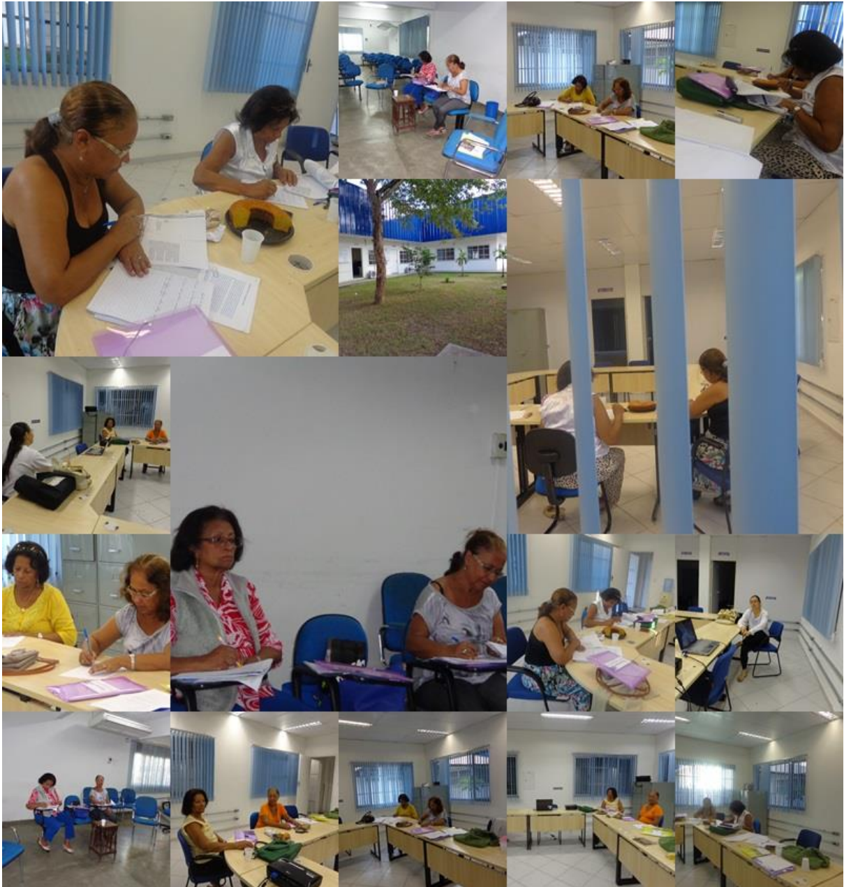
Figura 8 – imagens das escritoras produzindo no ateliê autobiográfico
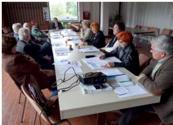
Seja strokovnega sveta
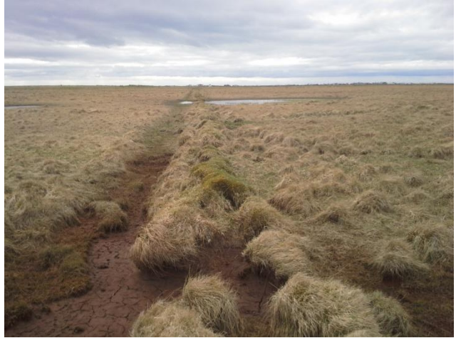
Mynd 3. Garðurinn frá Nesbrú, sjá má skemmdir á honum neðst á myndinni.

Staðhættir: Að veginum Nesbrú liggja þrjár garðar en þeir stoppa við Nesbrú. Garðarnir eru greinilega landamerkjagarðar til að skipta mýrinni. Sá garður sem næst er Óseyri er þeirra stytstur. Um miðja Nesbrú þar sem hún liggur um Nesrima kemur annar garður úr suð austri og stoppar við Nesbrú. Hnit er tekið þar sem garðurinn kemur á Nesbrú.
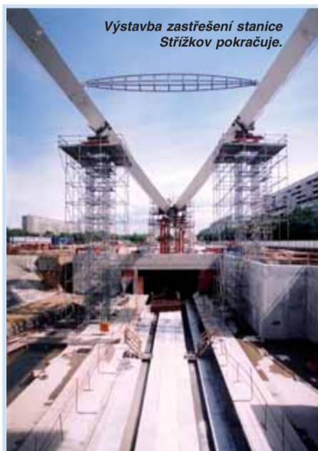
Výstavba zastřešení stanice Střížkov pokračuje.

V závěru května byla slavnostně otevřena stanice metra Hostivař. Nová konečná trasy A leží sice v katastru Malešic, ale zdejší depo se tradičně jmenuje Hostivař, po kterém převezme název i nová stanice. „Stanici Hostivař najdete u ulice Sazečské, kousek za bývalou konečnou
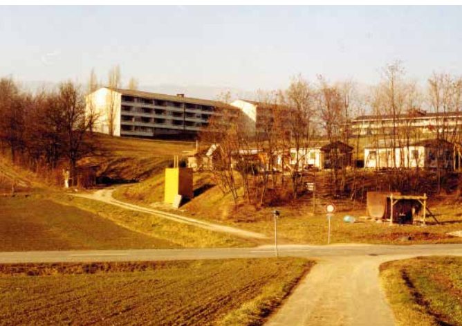
Le Jardin Robinson en 1976

Situé en contrebas du stade de football, le Jardin Robinson est né de la volonté de quelques parents de mettre à disposition un espace répondant au principe qui permet à l'enfant de se développer en laissant libre cours à son imagination, de jouer avec des éléments naturels avec peu de contraintes, tout cela dans un esprit d'aventures et de découvertes.

→ **WHAT IS EXPECTED**: When a line of the records holds the word "Robinson", copy that line.

→ **TASK OUTPUT**:
Le Jardin Robinson en 1976
Situé en contrebas du stade de football, le Jardin Robinson est né de la volonté de quelques parents de mettre à disposition un espace répondant au principe qui permet à l'enfant de se développer en laissant libre cours à son imagination, de jouer avec des éléments naturels avec peu de contraintes, tout cela dans un esprit d'aventures et de découvertes.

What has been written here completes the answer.